One of the major advantages protons have over photons is the lack of exit dose. Shown below is a graph depicting the relative dose deposited in tissue for a variety of commonly used types of radiation therapy. One can see that after an area of build up the 22 mV photon beam reached its maximum dose (Dmax), after which the energy deposited with increasing depth gradually decreases (figure 1. IBA).
In contrast to this, as a proton travels through tissue, it deposits a small amount of energy predominantly through ionization. As the particles gradually lose energy, and slow down, the number of ionization events rapidly increases and reaching its apex, known as a Bragg peak. Shortly after the Bragg peak, the number of ionizations quickly diminishes to zero, as seen in the figure below.
The width of the Bragg Peak is typically 8 mm for a 177 MeV proton beam. However, it is important to note that scatter can also affect the Bragg Peak. As a protons range in water increases, so does scatter, causing a broader Bragg Peak. Approximately 20% of the primary proton dose is lost through nuclear interactions with atomic nuclei.
However, it is important to note that the range of a proton beam is not absolute. Hence, the distal edge of a proton beam (representing the distal edge of the proton treatment field) caries some amount of uncertainty. This occurs because the energy loss due to ionization events seen with protons as they travel through tissue is a statistical phenomenon. This means that fluctuations would be expected, as there are going to be some protons which lose energy at a significantly different rate than the "average" proton. This results in a phenomenon known as "range straggling," in which protons that have the same starting and ending energies have different path lengths due to the above mentioned probability of differential energy loss. The effect of range straggling on the distal fall off of the Bragg peak is about 1.1% of the range of the beam. It is important to note that there is greater range straggling with passive scatter beams (to be discussed in module 3), as the scattering itself causes range straggling. It is also important to note that the density of the material that is traversed by the proton affects the Bragg peak as well (figure 2. Courtesy of Dr. Tony Lomax , PSI). This has important implications for treatment planning when dealing with tissue interfaces and organ motion, which can effect significantly the proton range. It is also important to remember that changes in the tumor during treatment will also effect the distal range, particularly in lung cancer treatment due to the differences in density of the path length of the protons. Additional range uncertainties can be caused by errors in converting the Hounsfield number (or CT number) to stopping power (which requires information regarding the type of particle, the energy of the particle and the properties of the material the particle is traveling through), which is required for proton dose calculations. An inaccuracy in convert CT number to stopping power can result in errors of up to 3 ½% of the range of the proton. Improvements in converting Hounsfield units to stopping power can reduce errors related to this conversion. One source of error when calculating stopping power is related to artifacts, such as hip prosthesis within the CT scan. Ways to reduce these artifacts can reduce errors related to Hounsfield conversion. Megavoltage CT scans can reduce artifacts and may help provide less error when CT number conversions are performed, however, they do suffer from worse resolution.
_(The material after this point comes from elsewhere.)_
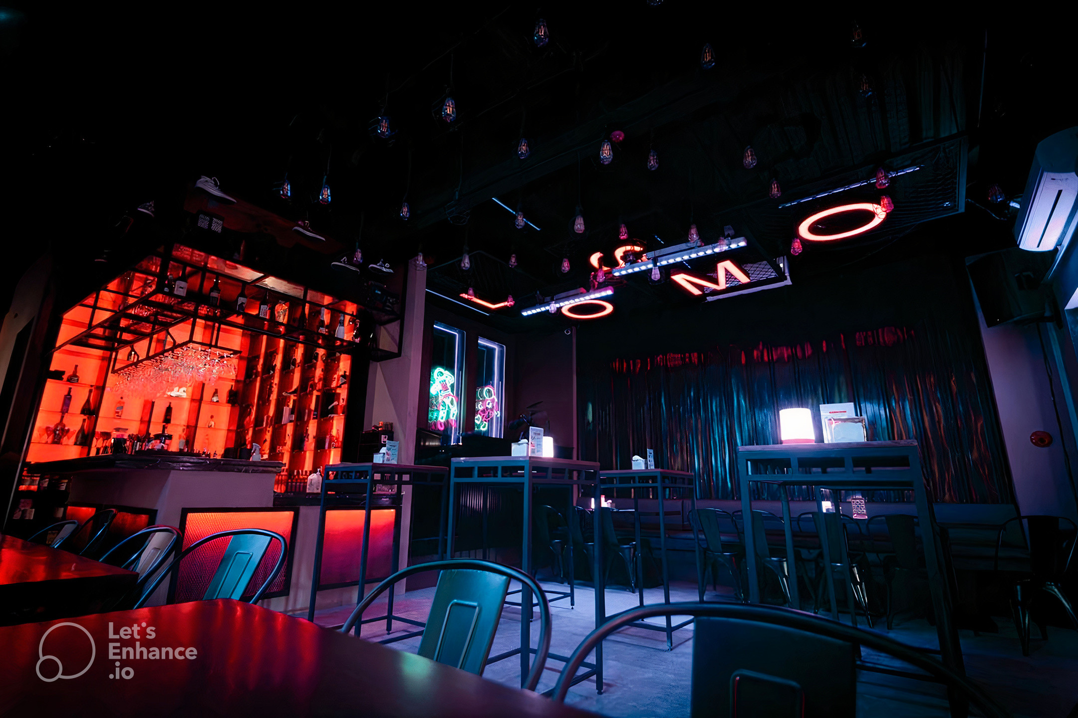A vibrant space buzzing with energy and adorned with neon lights, the bar features an array of colorful and inventive mocktails and craft sodas, with names that pay homage to internet memes and pop culture references. There are also specialty drinks made with unique ingredients and garnishes that are both aesthetically pleasing and delicious.

As the proton beam travels through matter, there are two main mechanisms by which energy is lost via Coulomb interactions. First, energy is lost through proton interaction with atomic electrons, which cause the limited range of protons in matter. The second cause of energy loss occurs when the proton interacts with the nucleus, which causes multiple proton scatter events. These scatter events cause the proton's path to deviate from a straight line (figure 3. Dr. Tony Lomax, PSI). Proton scatter affects the lateral margins of the beam (penumbra). Typically, 6 mV photons have a lateral fall off of 6 mm at 10 cm depth (dose from 80% ->20%) versus protons, which have a lateral fall off of 5-8 mm at 10 cm depth. Scatter is primarily due to multiple coulomb scattering, which also happens with electron therapy, but to a much lesser degree with protons. This scatter is generally insignificant at lesser depths, but the effect increases with depth. This contributes to the lateral dose distribution of the proton beam due to secondary particles that occur due to nuclear reactions.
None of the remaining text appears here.